Когда долгие отношения заканчиваются разрывом, люди обычно говорят, что виной тому «привычка, рутина, усталость и уходящее желание». Но Ник сомневался, что они с Анной перешли от наполненности к пустоте без причины, без иной причины, кроме привычки и рутины. Жизнь вдвоем – о ней все лгут. Кино и книги тоже. Семейная жизнь напоминает движения маятника, супруги то сближаются, то отдаляются, и все это в ограниченном диапазоне их маленького мирка. А большой мир продолжает засасывать в свой круговорот – искушает, манит, сбивает с пути.

Опираясь на опыт родителей, Ник полагал, что хорошее отношение друг к другу – залог семейного счастья.

Анна ему сразу понравилась – юная, скромная, наивная. На него смотрела как на бога. У нее были лучистые и очень голубые глаза, она неохотно признавалась в своей близорукости. Какое-то время даже боролась с плохим зрением, прибегая к немыслимым очкам, придававшим ее лицу псевдоумное выражение «всезнайки», пока не начала пользоваться линзами. До самой зимы она сохраняла загар с морского пляжа. Из-за ее балетной стройности создавалось впечатление, что она выше, чем была на самом деле, а ее маленькая ручка говорила о скрытой нежности.

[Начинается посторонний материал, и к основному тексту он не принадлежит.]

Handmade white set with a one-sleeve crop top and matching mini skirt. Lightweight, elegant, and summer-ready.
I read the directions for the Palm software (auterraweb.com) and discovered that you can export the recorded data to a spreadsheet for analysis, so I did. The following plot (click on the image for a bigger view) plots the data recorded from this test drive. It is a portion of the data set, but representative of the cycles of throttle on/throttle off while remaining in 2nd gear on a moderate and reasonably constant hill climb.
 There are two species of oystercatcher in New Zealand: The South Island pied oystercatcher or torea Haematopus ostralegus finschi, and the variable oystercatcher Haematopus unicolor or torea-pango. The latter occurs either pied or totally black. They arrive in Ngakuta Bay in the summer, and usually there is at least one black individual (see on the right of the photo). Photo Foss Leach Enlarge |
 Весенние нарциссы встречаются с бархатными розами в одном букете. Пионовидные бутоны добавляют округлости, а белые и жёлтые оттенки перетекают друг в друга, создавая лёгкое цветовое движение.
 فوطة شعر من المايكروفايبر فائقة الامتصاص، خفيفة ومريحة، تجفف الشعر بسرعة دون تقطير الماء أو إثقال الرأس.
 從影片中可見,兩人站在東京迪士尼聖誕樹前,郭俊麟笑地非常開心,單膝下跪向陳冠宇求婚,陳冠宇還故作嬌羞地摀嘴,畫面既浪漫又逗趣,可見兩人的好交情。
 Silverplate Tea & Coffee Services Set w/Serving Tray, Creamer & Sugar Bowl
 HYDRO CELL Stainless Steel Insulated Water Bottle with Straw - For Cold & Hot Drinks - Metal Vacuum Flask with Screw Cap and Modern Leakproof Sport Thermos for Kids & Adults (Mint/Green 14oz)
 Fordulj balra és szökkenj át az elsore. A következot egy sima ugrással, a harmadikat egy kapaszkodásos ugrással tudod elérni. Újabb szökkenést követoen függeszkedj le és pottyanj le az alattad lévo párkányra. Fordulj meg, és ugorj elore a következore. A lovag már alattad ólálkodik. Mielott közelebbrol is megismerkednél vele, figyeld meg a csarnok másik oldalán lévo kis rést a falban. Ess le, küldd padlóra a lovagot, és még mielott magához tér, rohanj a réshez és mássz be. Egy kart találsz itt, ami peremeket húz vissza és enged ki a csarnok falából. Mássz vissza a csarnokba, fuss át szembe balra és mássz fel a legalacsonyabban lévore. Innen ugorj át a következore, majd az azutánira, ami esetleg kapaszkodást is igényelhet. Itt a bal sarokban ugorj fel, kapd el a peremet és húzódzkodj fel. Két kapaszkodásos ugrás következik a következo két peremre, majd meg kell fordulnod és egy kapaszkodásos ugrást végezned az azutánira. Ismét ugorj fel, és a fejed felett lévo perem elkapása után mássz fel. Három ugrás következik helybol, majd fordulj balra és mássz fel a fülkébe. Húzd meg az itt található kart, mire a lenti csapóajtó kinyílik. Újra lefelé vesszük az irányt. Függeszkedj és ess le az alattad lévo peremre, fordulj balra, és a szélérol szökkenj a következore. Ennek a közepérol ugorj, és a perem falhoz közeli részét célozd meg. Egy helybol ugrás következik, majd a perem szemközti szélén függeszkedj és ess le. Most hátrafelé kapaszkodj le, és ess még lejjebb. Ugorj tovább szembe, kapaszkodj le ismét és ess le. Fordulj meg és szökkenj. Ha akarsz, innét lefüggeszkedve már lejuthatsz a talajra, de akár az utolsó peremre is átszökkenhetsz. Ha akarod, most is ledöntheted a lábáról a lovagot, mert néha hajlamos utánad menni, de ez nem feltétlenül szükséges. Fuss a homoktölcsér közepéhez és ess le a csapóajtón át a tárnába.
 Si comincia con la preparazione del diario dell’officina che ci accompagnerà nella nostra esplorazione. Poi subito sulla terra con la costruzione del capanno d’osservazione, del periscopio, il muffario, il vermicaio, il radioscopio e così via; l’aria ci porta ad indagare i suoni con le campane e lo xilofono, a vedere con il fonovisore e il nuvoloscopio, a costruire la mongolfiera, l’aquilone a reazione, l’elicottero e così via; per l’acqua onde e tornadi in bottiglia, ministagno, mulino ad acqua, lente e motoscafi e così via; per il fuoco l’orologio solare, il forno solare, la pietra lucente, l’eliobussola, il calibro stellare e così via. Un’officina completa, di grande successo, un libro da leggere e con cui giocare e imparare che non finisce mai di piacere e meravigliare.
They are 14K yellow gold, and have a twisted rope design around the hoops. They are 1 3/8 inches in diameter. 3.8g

У этой девушки есть то, что называют «шармом», убеждал он себя, она, похоже, любит его, ничуть не менее умна и богата, чем можно мечтать, и он решил выковать себе блаженство из этих составляющих счастья, вполне устраивающих многих.

Ник понимал, что риск велик. Жить семьей – это искусство… ну, по меньшей мере, – профессия. Он представил себе, как мелочи супружеской жизни изуродуют и разрушат очарование, и его жена станет похожей на любую другую женщину. Представил длинную череду однообразных дней, когда он будет совершенствовать на ней свой талант шахматной комбинационной игры, не только превосходя ее, но, к сожалению, даже не имея равного себе по силам партнера.

Он с самого начала опасался, что, женившись на Анне, погубит ее. Для этого достаточно лишь мгновения; стоит выпустить ее из своих объятий, и на сердце будет ощущение совершенного убийства, без всяких смягчающих обстоятельств, потому что, в конце концов, он не чувствовал к ней желания. Во всяком случае, желал ее не больше, чем любую другую женщину.

В первые годы их совместной жизни они оба решили создать современную супружескую пару, свободную от давлений буржуазной морали, предрассудков и религиозных диктатов, сбросившую оковы и путы, из-за которых было парализовано, погублено и уничтожено столько браков. Но и это не помогло.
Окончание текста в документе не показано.